Axes and simulation methods are the same than for Fig 4. Selfing rate ps is 0, 0.2 and 0.7 on blue, red and green curves, respectively. In all three cases, enhancer strength escalation is faster with larger mutational variance σE2 on the enhancer locus. Self-fertilization slows down the ER process.


The ER process we describe sheds a new light on the evolution of gene regulatory regions in diploids. It should be a widespread phenomenon, applicable to all genes in diploid eukaryotes as the theory only involves generic assumptions (recessivity of deleterious mutations [37], genetic variation at enhancer loci [43], CREs—TREs coevolution [44], stabilizing selection on expression levels [3133]). This process has been acting probably since early unicellular diploids, more than a billion years ago, before the evolution of complex combinatorial or developmental regulatory pathways. As we already stressed in the introduction, it does not undermine the idea that expression regulation is also subject in contemporary eukaryotes to other important selective effects (direct selection for expression level, timing and localization).

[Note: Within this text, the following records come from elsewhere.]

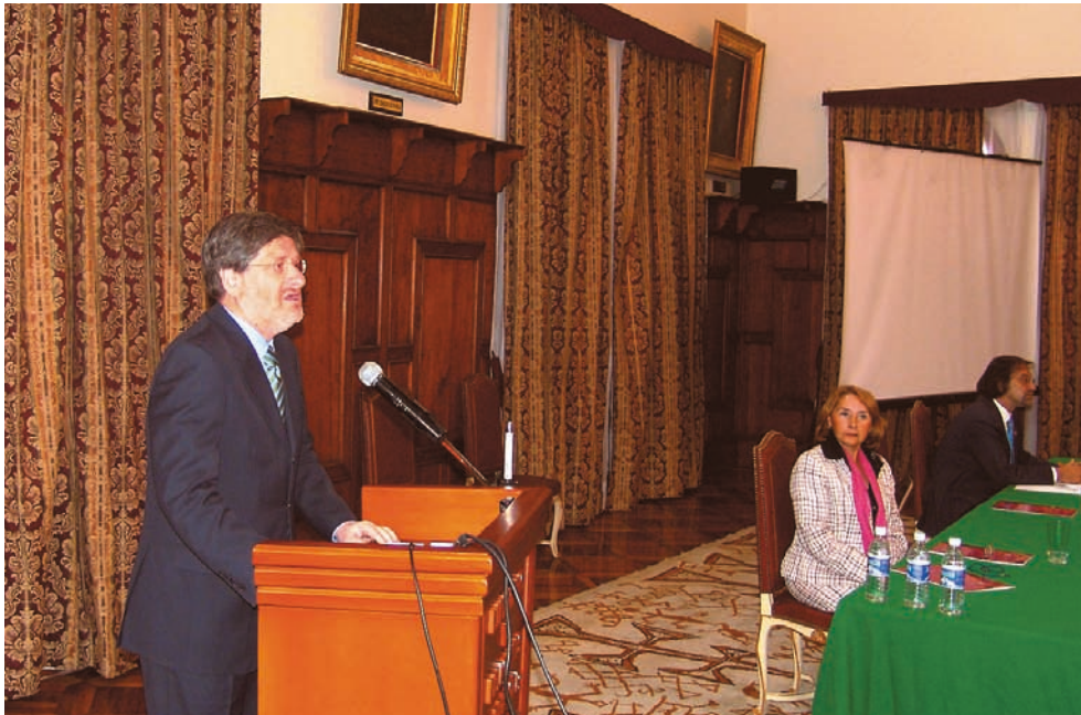
Inauguración del Séptimo Seminario del PLANEX 2020, en Quito, con la presencia del ministro de Relaciones Exteriores, Francisco Carrión Mena, y la subsecretaria de Cultura, Beatriz Parra.
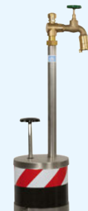
Schachthydrant 0855020 148,00 €*

* Kostenvoranschläge inklusive Kleinteile und Arbeitsaufwand für die Reparatur, ohne benötigte Reparatur-Teile
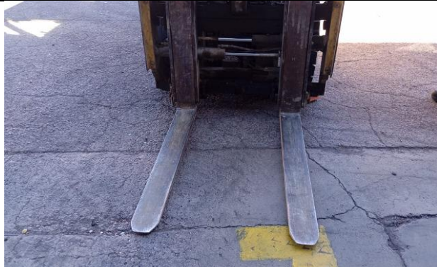
3.- Buena alineación de las horquillas.
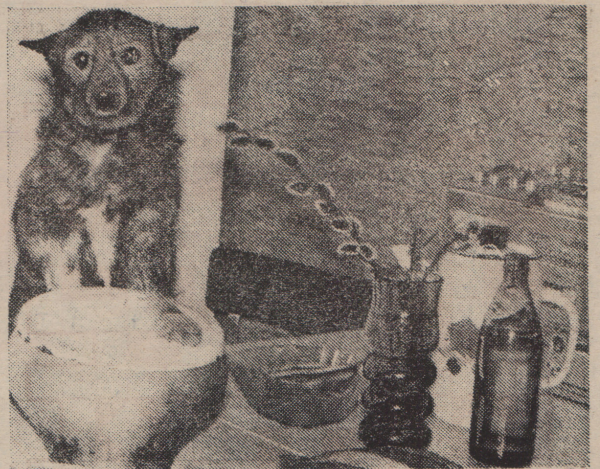
ЧТО СЕГОДНЯ НА ОБЕД?

Света ТЕТЕРИНА. Ярославская область, г. Тутаев.
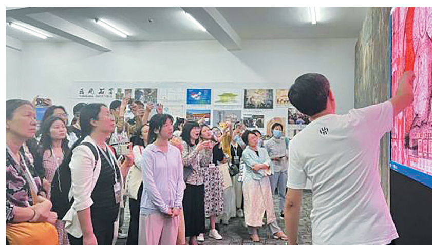
参会嘉宾在云冈考察数字人文与智慧数据融合成果
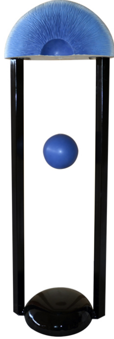
Görsel 16. Bakış 1, 140x45x25cm. Döküm 1040°C

dünya, yere basan bir yarı küre halinde yerde; tanrı bir göz formunda, tanrı görür, izler uhrevi bir dünyada; insan ise bu ikisinin arasında serbest, hareketli bir kürecik olarak ifade edilmiştir (Görsel 16).
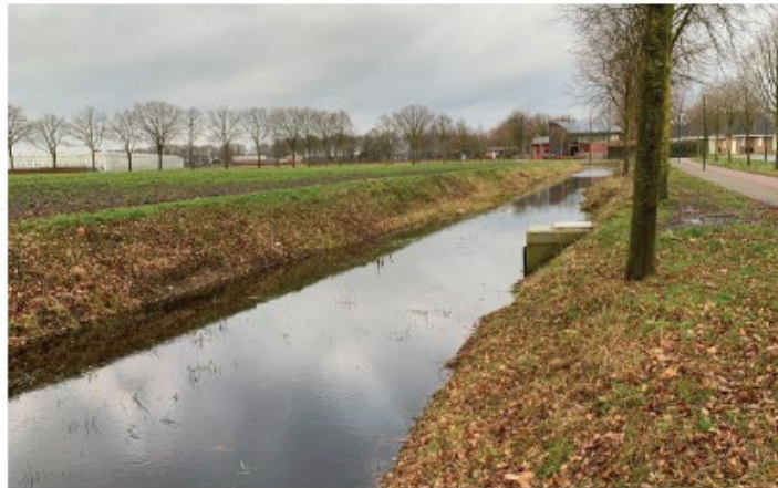
Delen van onderzoeksgebied liggen hoger t.o.v. omgeving
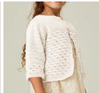
Le Gilet Heidi
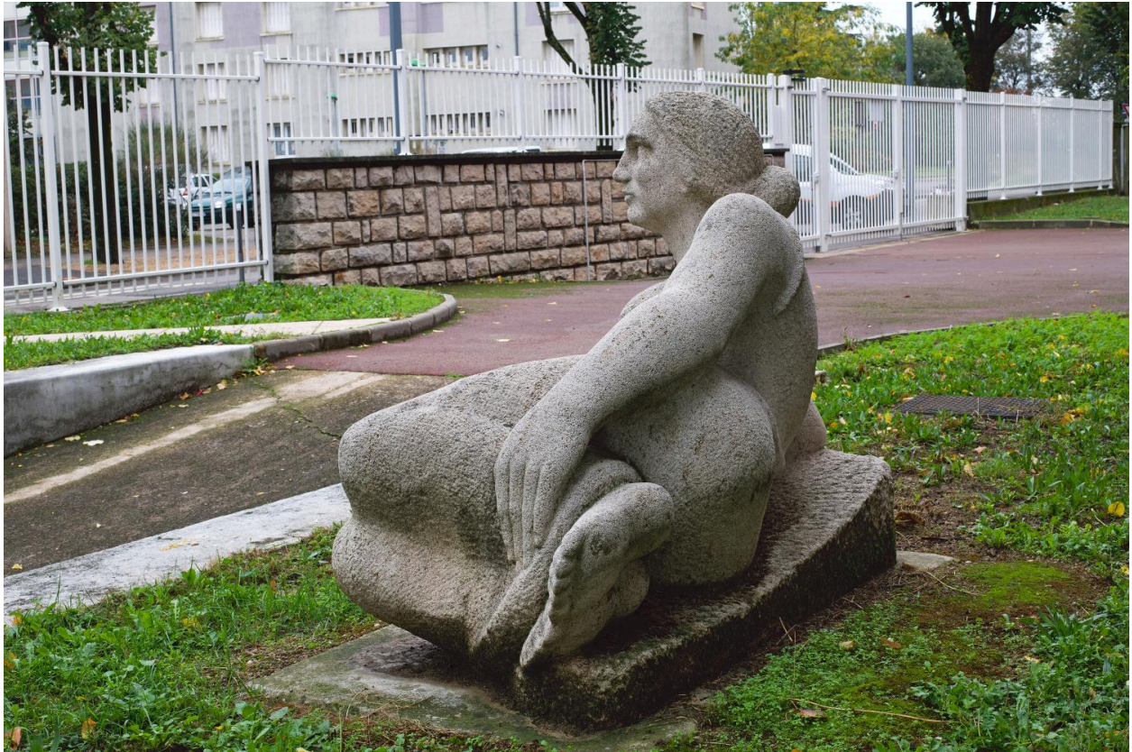
Vue de trois-quarts dos.
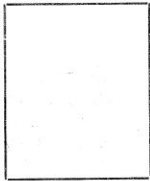
Fotografía tomada en el mes de _____ de 192 _____
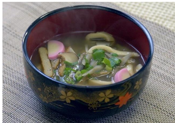
できた郷土料理でランチ
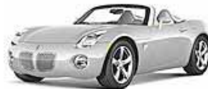
Cool Liquid Silver met.
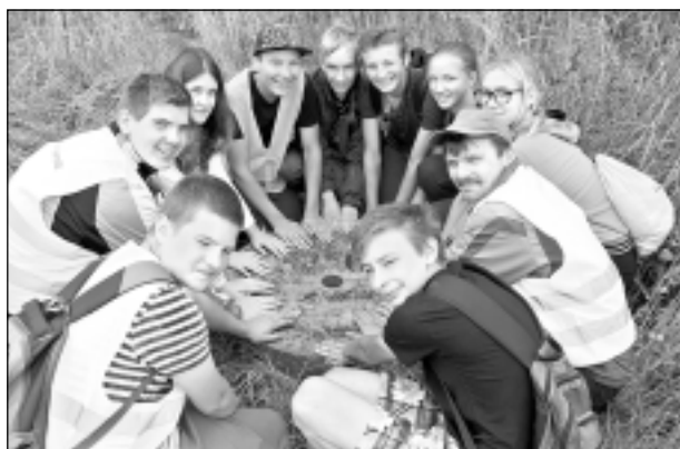
Rudens velobrauciens - 2015. 8.klase pie dzirnākmens - 57.ziemeļu paralēles zīmes.
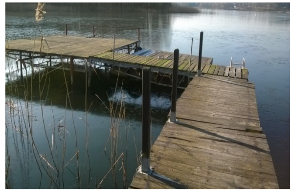
Pomost nr 2
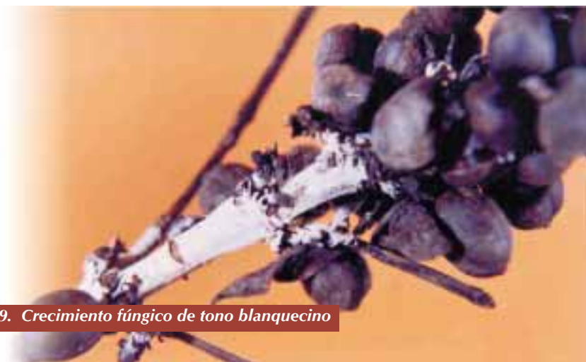
Figura 9. Crecimiento fúngico de tono blanquecino

Castaño y Bernal (5), hallaron que el tejido leñoso de las ramas se va secando desde su extremo superior hacia la base, debido a que el hongo
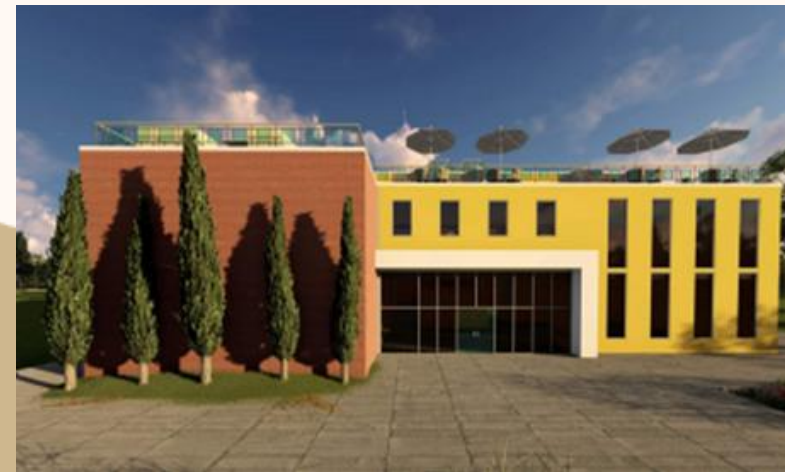
ÁREA DE FORMACIÓN PROFESIONAL
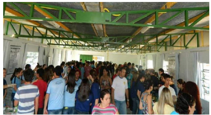
Público presente no evento.
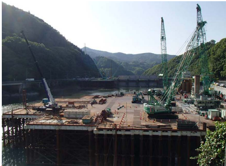
5月19日 呑口立坑掘削、仮設構台設置完了
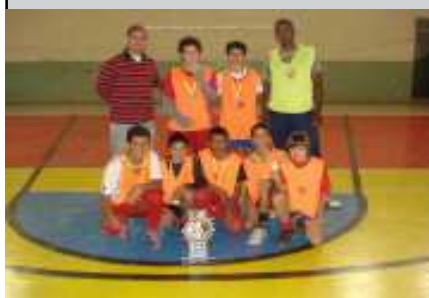
Real Madri - Campeã
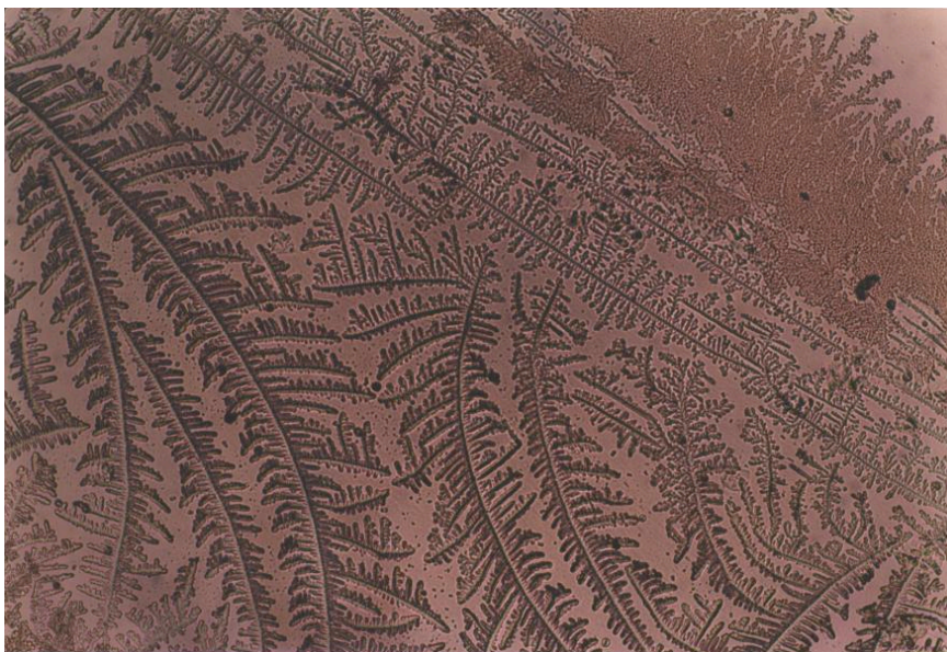
Fig. 1: En la esquina superior derecha de la imagen se puede ver moco P, por debajo del mismo y formando hileras ramificadas vemos moco S, a continuación de mayor tamaño y ocupando la mayor parte de la imagen vemos moco L. De: C. Medialdea. Tesis doctoral.

Para poder observar los distintos tipos y subtipos utilizó la técnica de extensión en todas las direcciones (Spread it out) que autores como Temprano (1994), Menárguez (1998) y Medialdea (2004) confirmaron años más tarde como fundamental en sus observaciones de los distintos tipos y subtipos de moco cervical en una misma muestra, las tres investigadoras han podido observar además todos los tipos y subtipos de cristalización característica descritos por Odeblad así como les ha resultado de utilidad su diagrama de porcentajes para conocer el momento aproximado del ciclo al que pertenece cada muestra obtenida en la consulta.
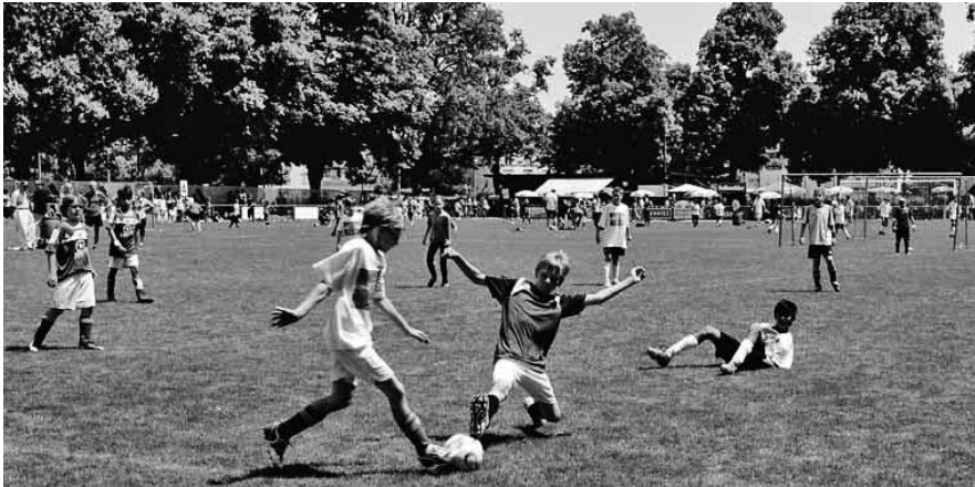
Mit der Sanierung wird die Attraktivität der Anlagen für die Quartierbevölkerung und für die Fussballer markant erhöht.

Am 29. August 2010 hat die Schaffhauser Bevölkerung den Kredit für den Bau des ersten Kunstrasenplatzes im Kanton und in der Stadt Schaffhausen angenommen. Gleichzeitig kann die Bühlsportanlage saniert werden.
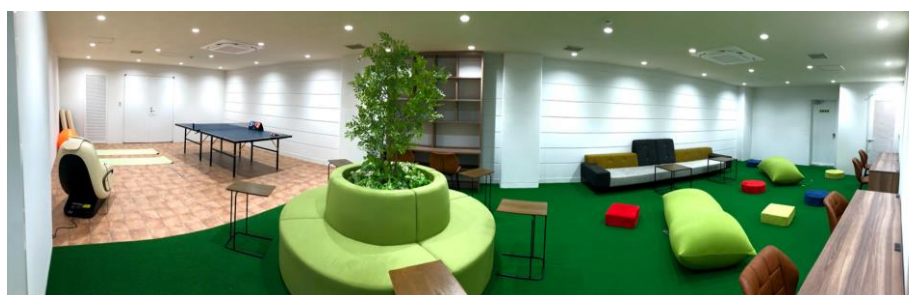
▲入居者専用リビングルーム
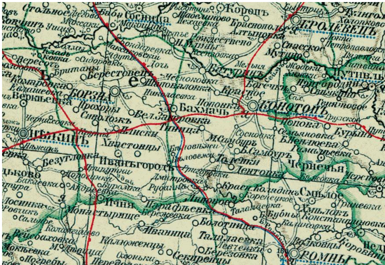
Рис. 4. Фрагмент Большого Всемирного настольного Атласа Маркса. Э.Ю. Петри, Ю.М. Шокальский, 1910 г., Европейская Россия, лист 10-ый (Шокальский, 1910)

Ни в опубликованном в 1903 г. типографией Адольфа Фёдоровича Маркса атласе, в котором данные о европейской части России базируются на картах И.А. Стрельбицкого (опубликованы Военно-топографическим управлением главного штаба), и сравнённые с картами Императорского русского географического общества 1862 г. (Рисунок 4). Этот колоссальный по тем временам картографический труд и, впечатляющий своей достоверностью, не может игнорироваться, и ещё больше отодвигает дату рождения Завод – к середине-концу XIX века.

Before discussing the implications and predictions associated with this theory, it is useful to relate it to previous models involving variation in dominance, ploidy, mutation load and selection for modifiers. It shares with models of ploidy evolution the fact that increased haploid expression leads to more efficient purging of deleterious mutations, which benefits tightly linked modifiers [38,39]. It shares with models of dominance evolution [4548] the limit that selection on modifiers is weak, of the order of the mutation rate (even if this issue may be alleviated if migration is the source of deleterious alleles [48,49]). Such a weak selection is usually seen as a limit in the case of dominance evolution because genetic drift in small populations or small pleiotropic effects of modifiers should easily overwhelm the selection pressure for dominance modification [50]. A distinctive feature of our theory is that the ER process is not strongly limited by such pleiotropic effects: as we showed, direct selection against suboptimal expression levels can be readily compensated by CREs-CREs or CREs-TREs coevolution, without halting the ER process. A critical difference with previous models is that dominance does not evolve: the dominance of deleterious mutations is h before the sweep of a stronger enhancer, and is still h after its fixation. Similarly, ploidy or the number of gene copies stays constant and does not evolve (with the consequence that, unlike in models involving gene duplicates or ploidy variation, the mutational load is not permanently changed by a change in gene number [38,47]). In our models, selection is frequency-dependent at leading order and leads to a runaway escalation not seen in models of ploidy or dominance evolution. Our models specifically focus on cis- or trans-acting modifiers, mimicking the actual genetic variation occurring on regulatory regions. Cis-regulation introduces naturally an asymmetry in the fitness of the two double heterozygotes (EA/ea and Ea/eA), which is also not a feature present in models of ploidy or dominance evolution.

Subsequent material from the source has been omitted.